Try it
Write out again, exactly as they appear, the lines from the start of the data below through the line with "全程勇猛漂河道長4.8公里,總落差168"; no pictures.

BEGIN

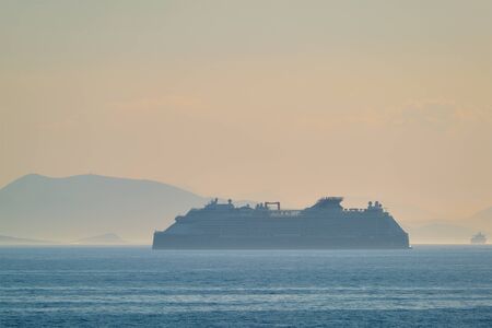 Luxury cruise ship in the ocean sea at sunset. Cruise vacation getaway. Aerial view of cruise ship. Premium liner in Mediterranean. Luxury liner. Luxury tourism travel on summer holiday
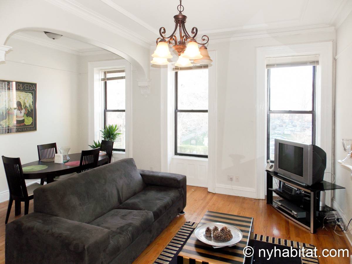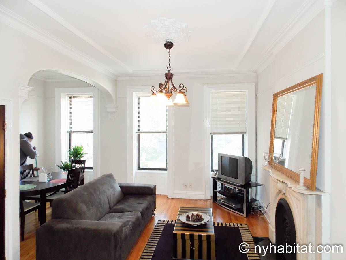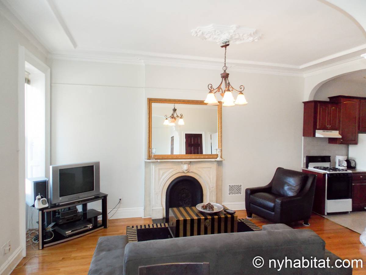 Mit bemerkenswerten Deckenzierleisten und einem dekorativen Marmor Kamin ist diese 2-Zimmer-Wohnung ein Clinton Hill ein Klassiker. In diesem Teil Brooklyns stehen viele historische Brownstone Häuser, jedoch wurde dieses sorgfältig renoviert. Dabei wurde besonders darauf geachtet, den Charme der vergangenen Jahre zu erhalten und diesen durch eine moderne Einrichtung zu ergänzen. Die Mietwohnung befindet sich im 3. Stock eines vierstöckigen Hauses (entspricht in Europa dem 2. Stockwerk) ohne Aufzug. Für Gäste ist eine Gegensprechanlage installiert.
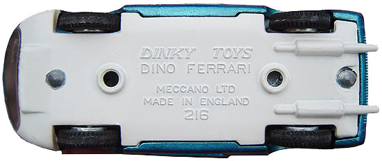 This is the base plate of a blue Dino Ferrari with black engine cover. It has the two holes to attach the car in a rigid plastic box. Did the later models issued in card trays with clear lid have these holes as well or re they filled in ? Can any member confirm this with a photo ? Are there base plates in different colours than white ? Thanks for your help. Jacques.
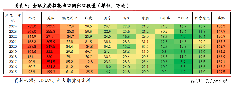 巴西:巴西曾经超越美国成为全球第一大棉花出口国,约三分之一出口至中国,五分之一出口至越南,出口至孟加拉、巴基斯坦、土耳其数量占比均正在 10%上下。
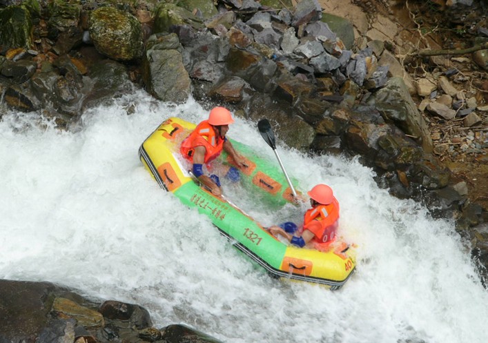 全程勇猛漂河道長4.8公里,總落差168米,大小落差有130多處,漂時150--180分鐘。全程既可感受澎湃刺激而安全的漂流,又能在自然生態的環境中享受一流水質的無窮魅力:漂過一山又一山,賞盡一景又一景;人在水中漂,如在畫中游。(提示:1.3米以下的游客請勿參與,16歲以下的游客請在成人陪同下參與
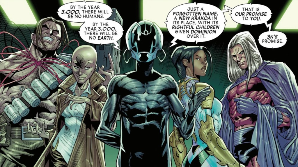 For the entire From the Ashes era, Cyclops’s X-Men team has battled the organization known as 3K, whose goal was to forcibly transform humans into mutants and wipe out humanity by the year 3000. The enigmatic chairman recruited several of the X-Men’s most dangerous enemies from over the years, including Wyre, Astra, and Cassandra Nova. They call themselves the true heirs of Krakoa, and genuinely believe they have mutantkind’s best interests at heart. The Chairman has also shown a distinct interest in clone Beast, trying to recruit him. The Chairman clearly knows the X-Men well, is a brilliant genetic scientist, and believes he’s doing the right thing for all mutants.
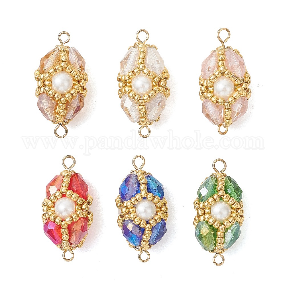 6шт. 6 цвета стеклянные овальные соединительные подвески из бусин, со стеклянными бисеринами, золотые
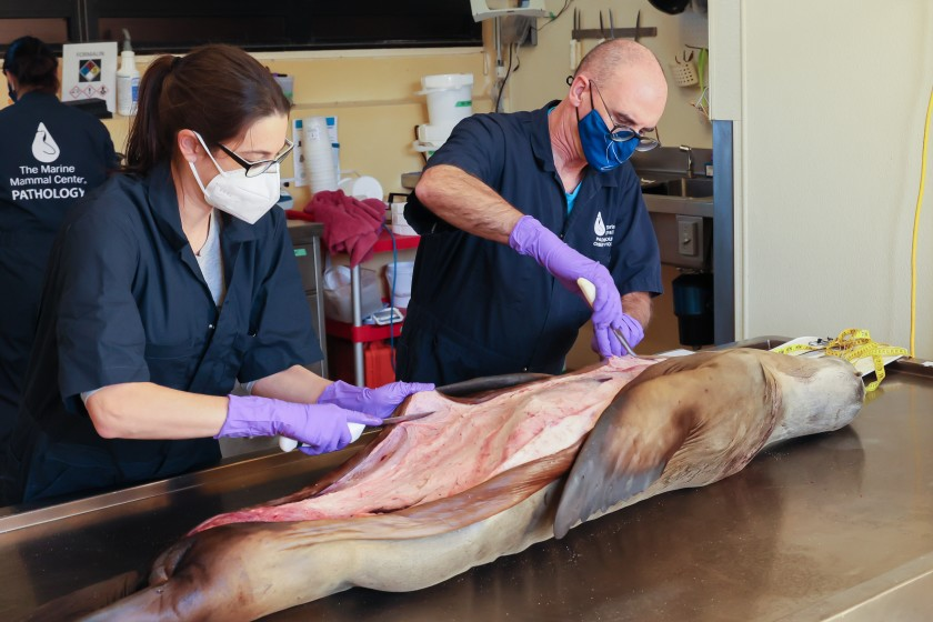 The Marine Mammal Center’s chief pathologist Pádraig Duignan, right, and fellow Maggie Martinez perform a necropsy on a California sea lion that was euthanized due to untreatable cancer (Bill Hunnewell / Marine Mammal Center).
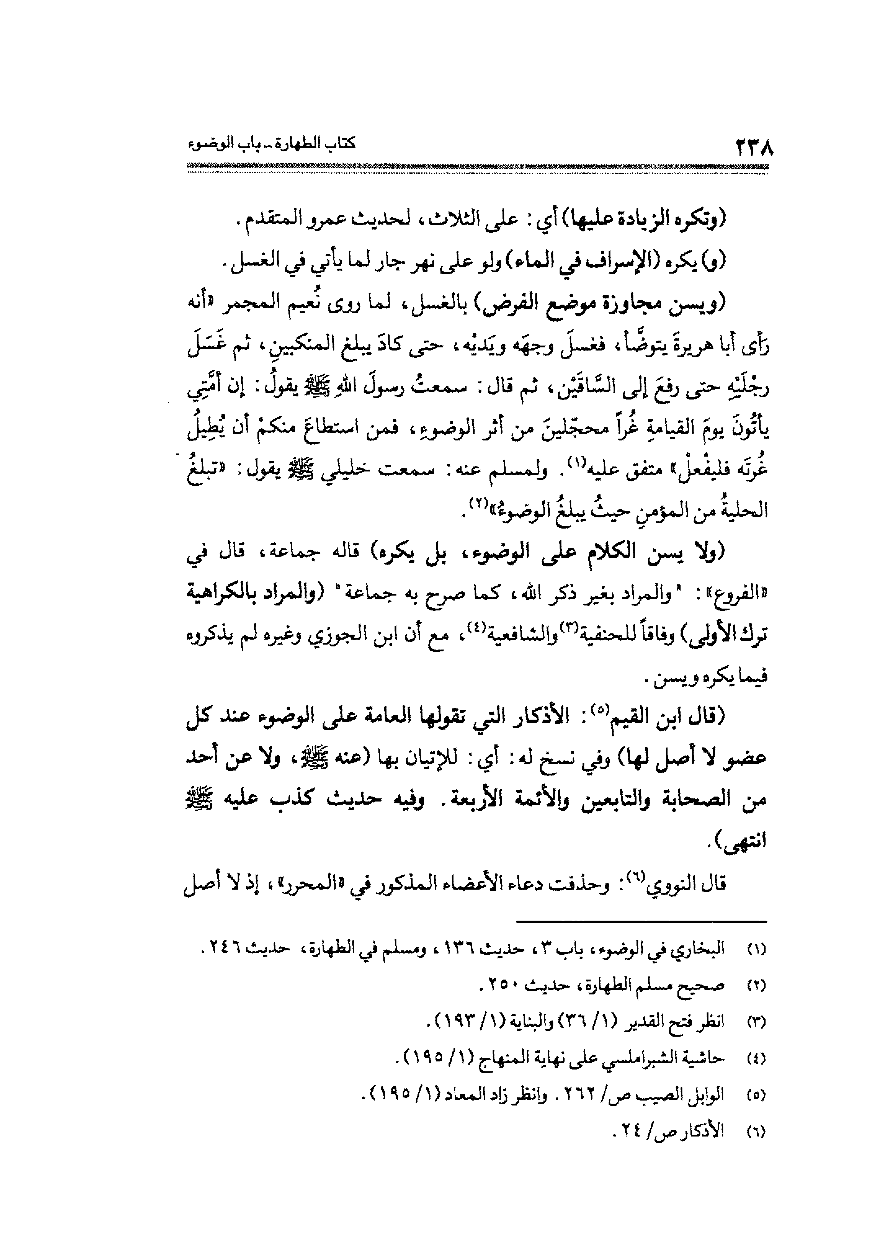 (و) يكره (الإسراف في الماء) ولو على نهر جار لما يأتي في الغسل. (ويسن مجاوزة موضع الفرض) بالغسل، لما روى نُعيم المجمر "أنه رَأى أبا هريرةَ يتوضَّأ، فغسلَ وجهَه ويَديْه، حتى كادَ بيلغ المنكبينِ، ثم غَسَلَ رجْلَيْهِ حتى رفعَ إلى السَّاقَيْن، ثم قال: سمعتُ رسولَ اللهِ - صلى الله عليه وسلم - يقولُ: إن أمَّتِي يأتُونَ يومَ القيامةِ غُرًا محجّلينَ من أثر الوضوءِ، فمن استطاعَ منكمْ أن يُطِيلُ غُرتَه فليفْعلْ" متفق عليه (¬١). ولمسلم عنه: سمعت خليلي - صلى الله عليه وسلم - يقول: "تبلغُ الحليةُ من المؤمنِ حيثُ يبلغُ الوضوءُ" (¬٢).
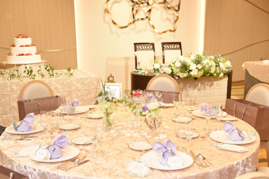 ご新婦がお好きな紫陽花色を随所に忍ばせた披露宴会場。
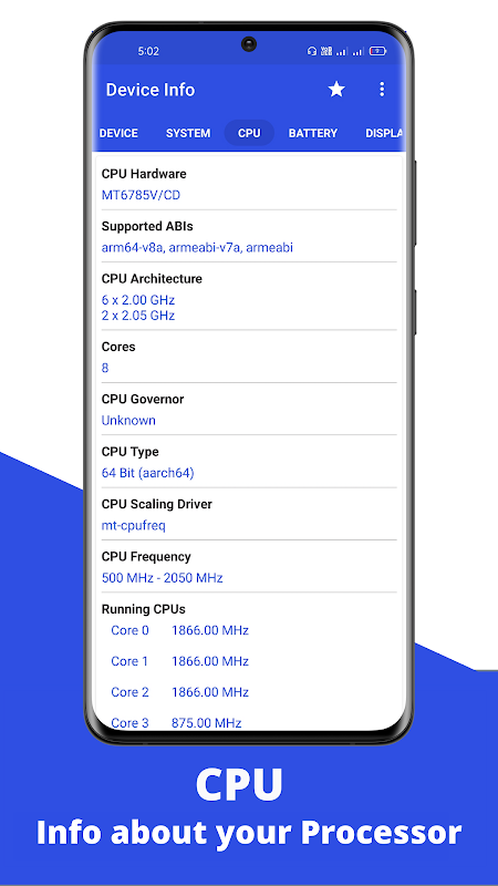 裝置資訊是一款用戶友好的Android應用程序,旨在提供有關您的行動裝置的完整而詳細的信息,並具有最佳的用戶介面。該應用程式不僅對普通用戶有益,而且對開發核心或 Android 應用程式的開發人員也有益。 裝置資訊包含眾多功能,可提供有關Android 裝置的軟體和硬體方面的廣泛見解,包括CPU、RAM、作業系統、感測器、儲存、電池、SIM 卡、藍牙、已安裝的應用程式、系統應用程式、顯示、相機、散熱、編解碼器、輸入、安裝的儲存和 CPU 狀態時間。
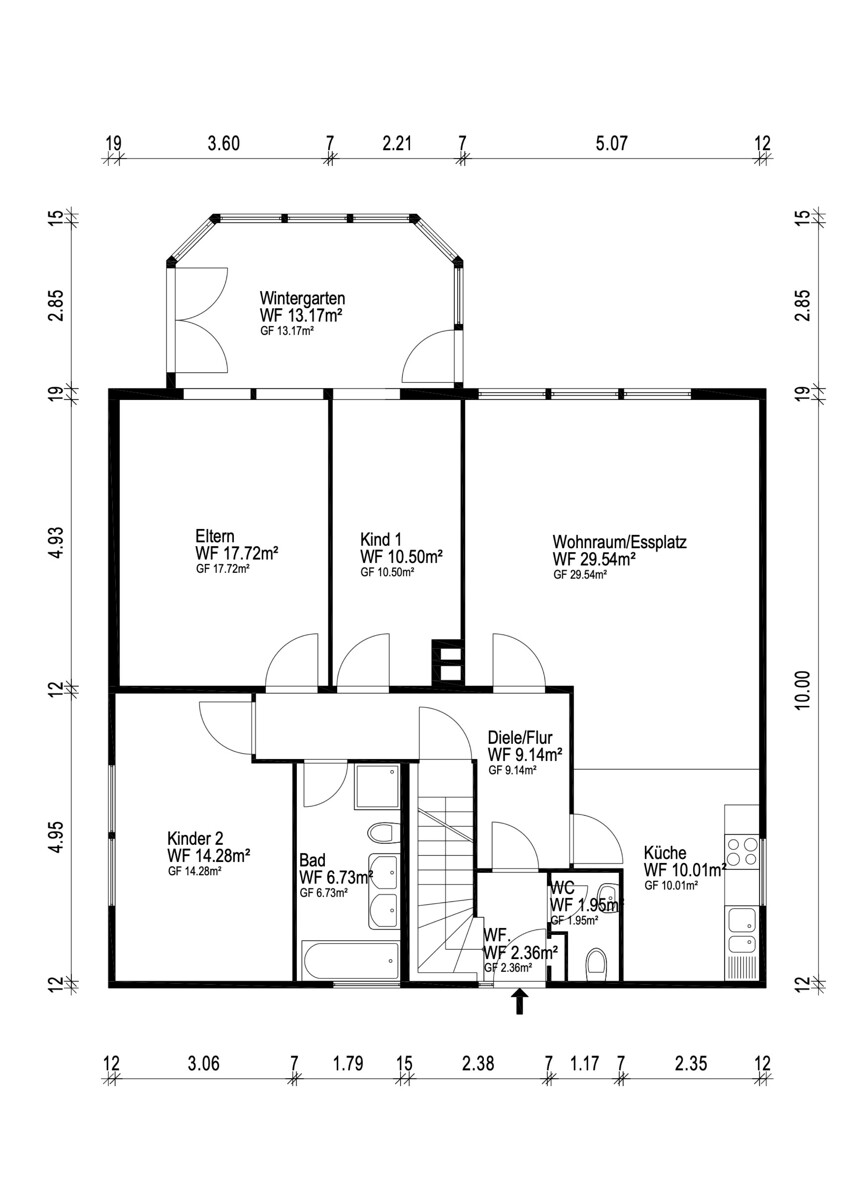 Raumaufteilung mit Weitblick: Im Erdgeschoss erwarten Sie neben Küche und Bad zwei Zimmer, die sich ideal als Homeoffice eignen und Zugang zum Wintergarten bieten. Im Obergeschoss finden Sie drei weitere Schlafzimmer und ein zweites Bad. Und wenn das noch nicht reicht: Der hohe Dachboden bietet Ihnen eine fantastische Ausbaureserve.
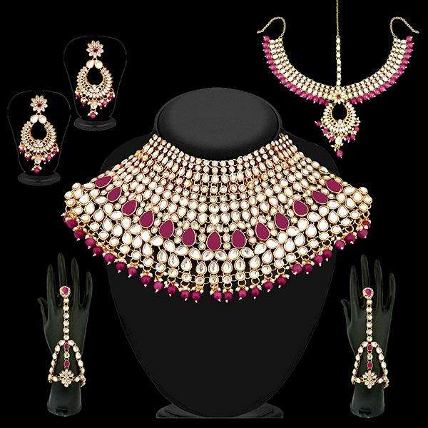 Tip Top Fashions Kundan Bridal Set 1002390B-Maroon Beads Gold Plated Leaf Pattern Pearl con pendiente Joyería fina para regalos

END

Exercise response
 Luxury cruise ship in the ocean sea at sunset. Cruise vacation getaway. Aerial view of cruise ship. Premium liner in Mediterranean. Luxury liner. Luxury tourism travel on summer holiday
 Mit bemerkenswerten Deckenzierleisten und einem dekorativen Marmor Kamin ist diese 2-Zimmer-Wohnung ein Clinton Hill ein Klassiker. In diesem Teil Brooklyns stehen viele historische Brownstone Häuser, jedoch wurde dieses sorgfältig renoviert. Dabei wurde besonders darauf geachtet, den Charme der vergangenen Jahre zu erhalten und diesen durch eine moderne Einrichtung zu ergänzen. Die Mietwohnung befindet sich im 3. Stock eines vierstöckigen Hauses (entspricht in Europa dem 2. Stockwerk) ohne Aufzug. Für Gäste ist eine Gegensprechanlage installiert.
 This is the base plate of a blue Dino Ferrari with black engine cover. It has the two holes to attach the car in a rigid plastic box. Did the later models issued in card trays with clear lid have these holes as well or re they filled in ? Can any member confirm this with a photo ? Are there base plates in different colours than white ? Thanks for your help. Jacques.
 巴西:巴西曾经超越美国成为全球第一大棉花出口国,约三分之一出口至中国,五分之一出口至越南,出口至孟加拉、巴基斯坦、土耳其数量占比均正在 10%上下。
 全程勇猛漂河道長4.8公里,總落差168米,大小落差有130多處,漂時150--180分鐘。全程既可感受澎湃刺激而安全的漂流,又能在自然生態的環境中享受一流水質的無窮魅力:漂過一山又一山,賞盡一景又一景;人在水中漂,如在畫中游。(提示:1.3米以下的游客請勿參與,16歲以下的游客請在成人陪同下參與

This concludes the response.